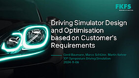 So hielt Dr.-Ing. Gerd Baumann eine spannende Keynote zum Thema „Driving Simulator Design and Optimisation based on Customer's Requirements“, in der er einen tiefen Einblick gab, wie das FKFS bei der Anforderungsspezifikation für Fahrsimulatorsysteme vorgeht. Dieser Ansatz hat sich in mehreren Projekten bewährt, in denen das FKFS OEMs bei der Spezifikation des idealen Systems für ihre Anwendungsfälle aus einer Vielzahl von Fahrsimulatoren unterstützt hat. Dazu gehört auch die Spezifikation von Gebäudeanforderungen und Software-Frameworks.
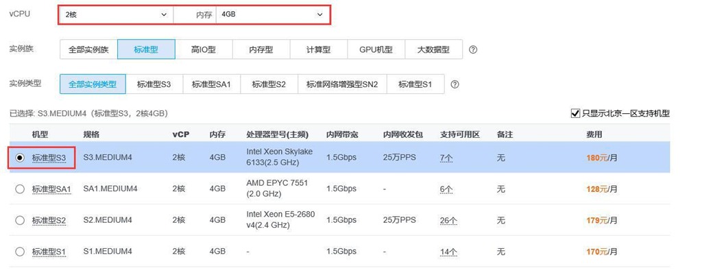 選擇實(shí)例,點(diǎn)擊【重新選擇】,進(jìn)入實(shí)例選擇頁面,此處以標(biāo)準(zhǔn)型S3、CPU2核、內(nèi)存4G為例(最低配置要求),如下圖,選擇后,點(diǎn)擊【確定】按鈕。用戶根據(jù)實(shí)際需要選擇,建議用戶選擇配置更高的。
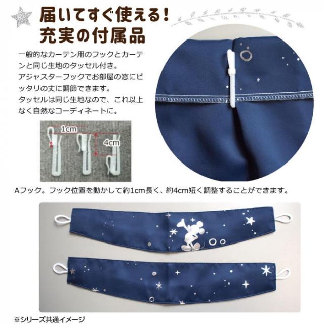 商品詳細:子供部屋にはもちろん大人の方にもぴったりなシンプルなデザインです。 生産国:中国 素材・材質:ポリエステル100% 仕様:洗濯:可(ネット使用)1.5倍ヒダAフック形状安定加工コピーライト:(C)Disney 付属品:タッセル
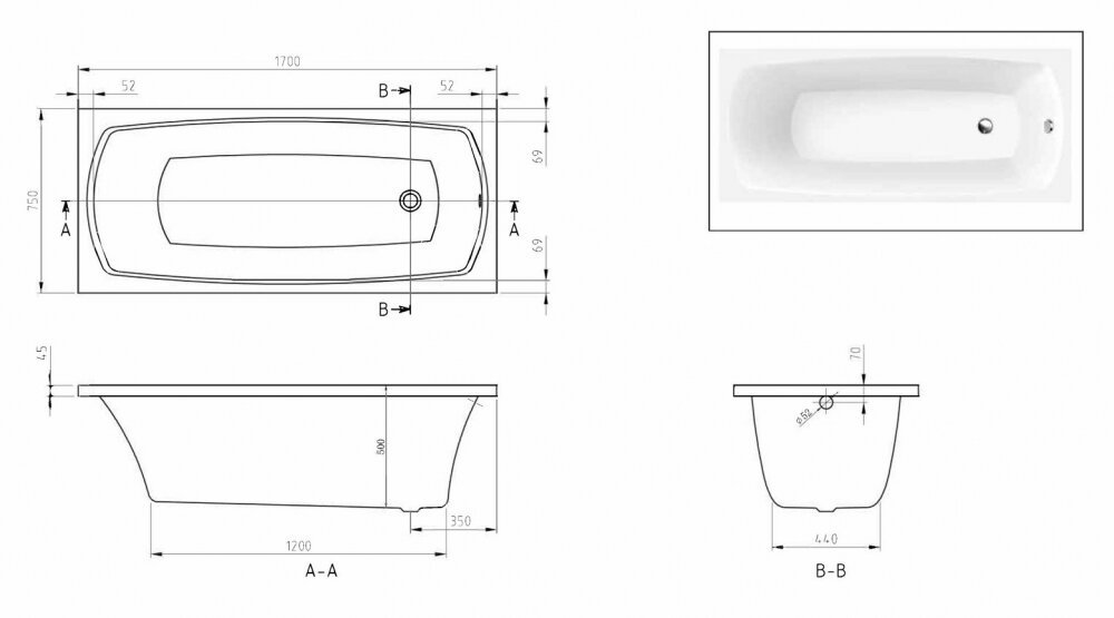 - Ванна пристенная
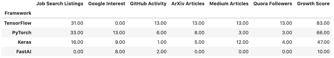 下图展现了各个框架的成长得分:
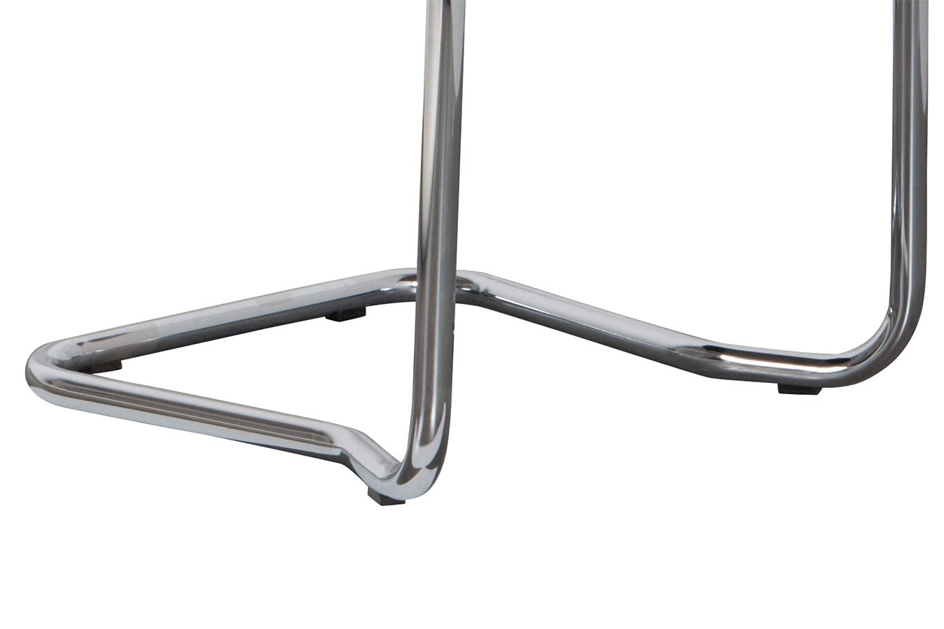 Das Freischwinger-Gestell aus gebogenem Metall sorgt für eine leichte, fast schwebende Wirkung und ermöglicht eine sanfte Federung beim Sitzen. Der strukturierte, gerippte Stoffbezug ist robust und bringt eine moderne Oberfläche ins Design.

+ + + + +

- _WHAT IS BEING ASKED_:
Beginning with the line that contains "選擇實(shí)例,點(di", reproduce every line through the end of the records above exactly, leaving pictures out.

- _SOLVED EXERCISE_:
 選擇實(shí)例,點(diǎn)擊【重新選擇】,進(jìn)入實(shí)例選擇頁面,此處以標(biāo)準(zhǔn)型S3、CPU2核、內(nèi)存4G為例(最低配置要求),如下圖,選擇后,點(diǎn)擊【確定】按鈕。用戶根據(jù)實(shí)際需要選擇,建議用戶選擇配置更高的。
 商品詳細:子供部屋にはもちろん大人の方にもぴったりなシンプルなデザインです。 生産国:中国 素材・材質:ポリエステル100% 仕様:洗濯:可(ネット使用)1.5倍ヒダAフック形状安定加工コピーライト:(C)Disney 付属品:タッセル
 - Ванна пристенная
 下图展现了各个框架的成长得分:
 Das Freischwinger-Gestell aus gebogenem Metall sorgt für eine leichte, fast schwebende Wirkung und ermöglicht eine sanfte Federung beim Sitzen. Der strukturierte, gerippte Stoffbezug ist robust und bringt eine moderne Oberfläche ins Design.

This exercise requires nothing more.